The body was named the Catholic Union of India in 1944, with Professor M. Ratnaswamy of Anna Malai University as the first National President.
The Catholic Union of India was registered at Chennai in 1966, and later changed its name to the All India Catholic Union.

On 30 October 1945, the All India Conference of Indian Christians (AICIC), which had both Protestant and Catholic members, formed a joint committee with the Catholic Union of India that passed a resolution stating that, "in the future constitution of India, the profession, practice and propagation of religion should be guaranteed and that a change of religion should not involve any civil or political disability." This joint committee enabled the Christians in India to stand united, and in front of the British Parliamentary Delegation "the committee members unanimously supported the move for independence and expressed complete confidence in the future of the community in India." The office for this joint committee was opened in Delhi, in which the Vice-Chancellor of Andhra University M. Rahnasamy served as President and B.L. Rallia Ram of Lahore served as General Secretary. Six members of the joint committee were elected to the Minorities Committee of the Constituent Assembly of India. In its meeting on 16 April 1947 and 17 April 1947, the joint committee of the All India Conference of Indian Christians and All India Catholic Union prepared a 13 point memorandum that was sent to the Constituent Assembly, which asked for religious freedom for both organisations and individuals; this came to be reflected in the Constitution of India.
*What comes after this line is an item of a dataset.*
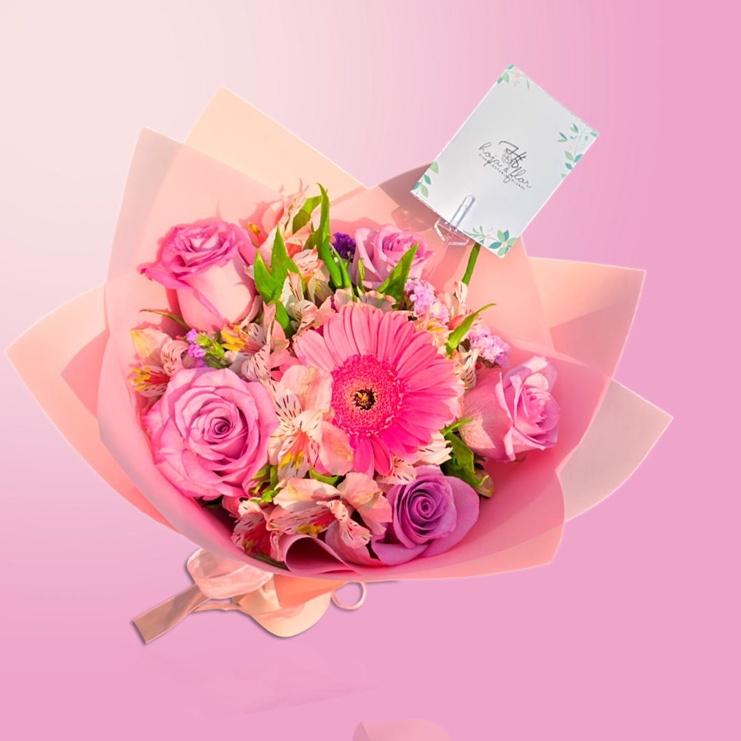 Ramo de 5 rosas lilas, 1 gerberas, alstroemerias, envuelto en fino papel.

Following the partition of India, the Catholic Union of India granted independence to its branches in Sind and Baluchistan in its Second Annual General Meeting in Bangalore in October 1947, which was presided by Ruthnasamy.

==Presidents of the All India Catholic Union==
Presidents of the Union have included Prof. M. Ratnaswamy, Madras,
Chev. A. Soares, Bombay,
Chev. J. C. Rayon, Bangalore,
Chev. D. V. D. Monte, Madras,
Chev. G. S. Reddy, Hyderabad,
Mr. George Menezes, Bombay (1986–90),
Mr. Chhotebhai, Kanpur (1990–94),
Mr. Peter Marbaniang, Shillong (1994–96),
Mr. Norbert D'Souza, Pune (1996–2000),
Dr. Maria Emilia Menezes (2000–2004)

==Dayal presidency==

John Dayal was elected president of the Union on 20 September 2004, succeeding Dr Maria Emilia Menezes.
In 2005 Dayal expressed concern that Ekal Vidyalaya ("single teacher") schools run by the Rashtriya Swayamsevak Sangh (RSS) Hindu nationalist organisation were spreading hatred towards members of the Christian minority.
In May 2006 the union called on State and Central governments to take urgent action to protect the Christian community following escalating violence in states controlled by the Bharatiya Janata Party (BJP) and allied parties, including armed demonstrations by the RSS.
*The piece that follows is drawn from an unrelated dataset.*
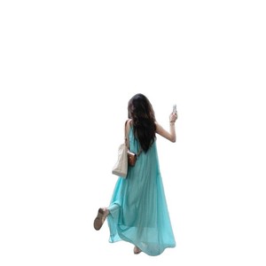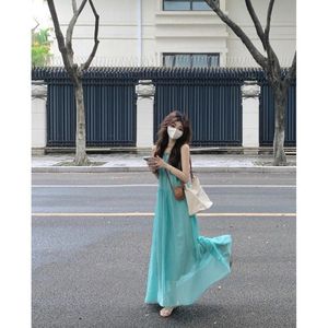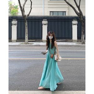 法式镂空吊带连衣裙女夏季海边度假风沙滩裙褶皱慵懒松弛感长裙子

In December 2007 the AICU petitioned Prime Minister Manmohan Singh's to intervene and stop the attacks that were being made against Christians in the Phulbani area of Orissa.
According to their memo: "The official apathy, the police indifference and the freedom allowed to marauding bands of Hindutva fanatics and armed thugs in Gujarat has been repeated in Orissa in what is a planned conspiracy against the church and our faith". The AICU said that recent attacks could not have occurred "without the complicity of the official machinery and the backing of powerful political groups".

==Denis presidency==

Dr. Remy Denis became president in 2008.
Denis has taken a somewhat radical position in saying that the clergy should confine itself to ministering to the spiritual needs of the people. Administration of the material goods of the church should be left entirely to the laity.
At a seminar in Goa in August 2009, former Union minister Eduardo Faleiro said that church property should be brought under the ambit of state laws, as was the case with other religions. This was endorsed by Remy Denis and other liberals. However John Dayal, representing the conservatives in the AICU, opposed any change. He said that the "Christian situation" was radically and materially different from that of the Hindu, Muslim and Sikh religions, and existing laws were sufficient.
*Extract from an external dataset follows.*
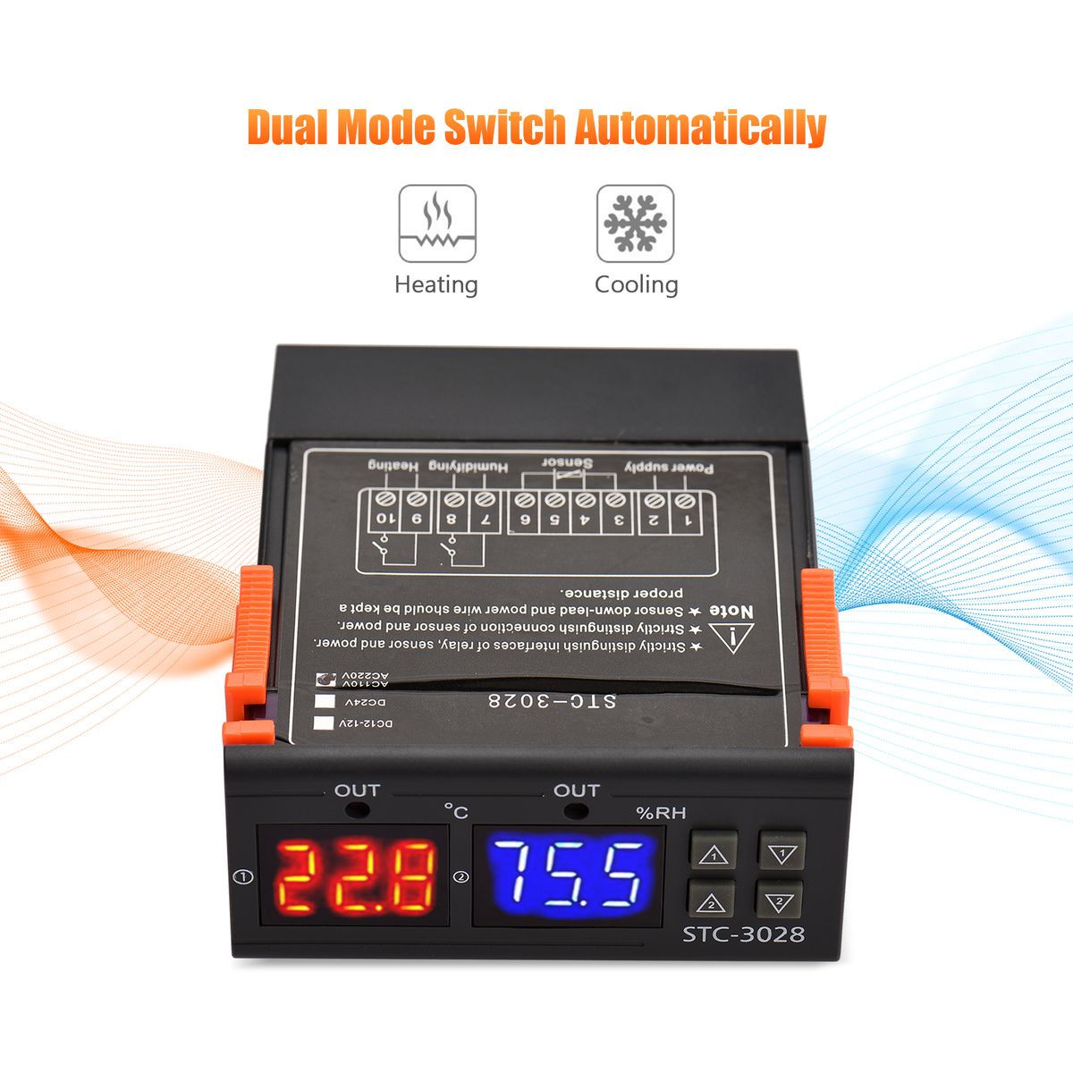 Temperature thermostat with high performance and multiple functions, including heating, cooling, humidification, dehumidification and temperature correction.

In February 2012 the AICU announced that it had started planning for a Laity Synod, to be held later in the year. This would be the first time such an event had been arranged in India. It would give the lay members an opportunity to think about their role in the church and the future of the church.
According to Remy Denis "The Second Vatican Council called for the empowerment of the laity. But after 50 years, there is not much to show".
It was hoped that the synod would help find ways for the laity to become more involved in management of the financial and temporal affairs of the church.